Source material:
[Start of section]
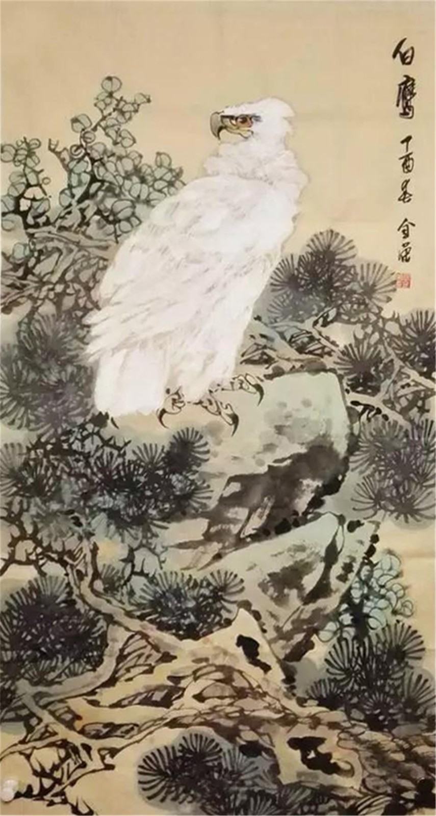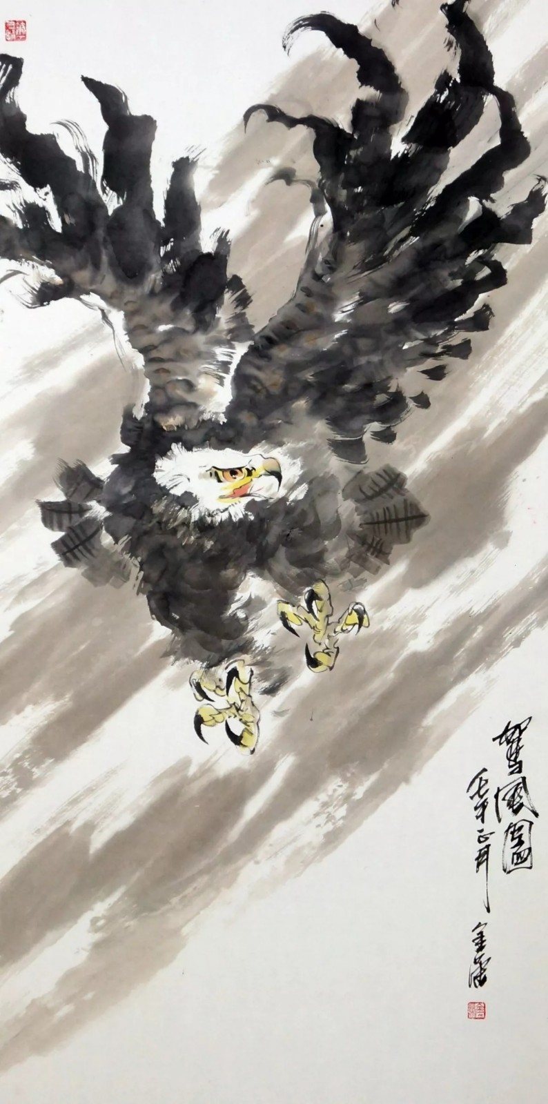 雄鹰是他喜欢的绘画题材之一,或雄踞松石,或翱翔长空。对于鹰这种动物的描绘,他笔锋犀利,纵情挥洒,整幅作品充满了刚劲的气势,在画面中用更加刚毅的线条来突出鹰的雄姿和霸气,让我们能够直观的感受雄鹰的凌烈姿态,在他的笔下,以公鸡作为主角的作品则显得充满了生活的情趣,画面柔和了许多,也更加丰富,将国画中色墨相融的技巧发挥到淋漓尽致。欣赏张金荣的国画作品,完全就是一种美的享受,是对于国画艺术的又一次膜拜。
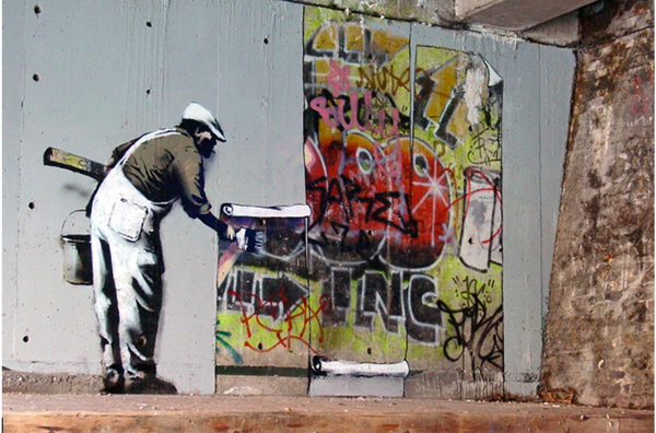 Banksy rose to prominence vandalizing public property on the streets of Bristol, the bustling UK city located south of London. The elusive British artist found fame by leaving his street art wherever he saw fit. Set apart by clever innovations that differentiated him from other graffiti artists, Banksy’s graffiti was deemed art and preserved on city walls while all other graffiti art was scrubbed clean.
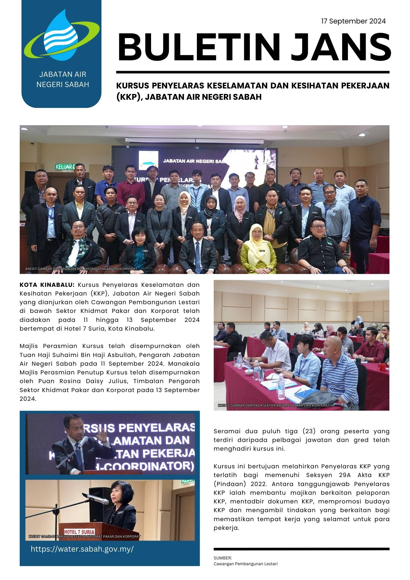 201. KURSUS PENYELARAS KESELAMATAN DAN KESIHATAN PEKERJAAN (KKP), JABATAN AIR NEGERI SABAH
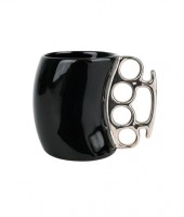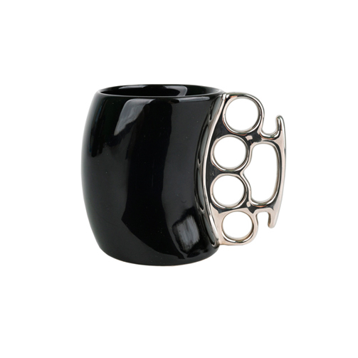 Стильная кружка из керамики с ручкой в виде кастета. |
[End of section]
Problem to work on: Please return only the lines from the one holding "201. KURSUS PENYELARAS" through the end of the data, both ends included; do not copy any pictures.

Output for this exercise:
 201. KURSUS PENYELARAS KESELAMATAN DAN KESIHATAN PEKERJAAN (KKP), JABATAN AIR NEGERI SABAH
 Стильная кружка из керамики с ручкой в виде кастета. |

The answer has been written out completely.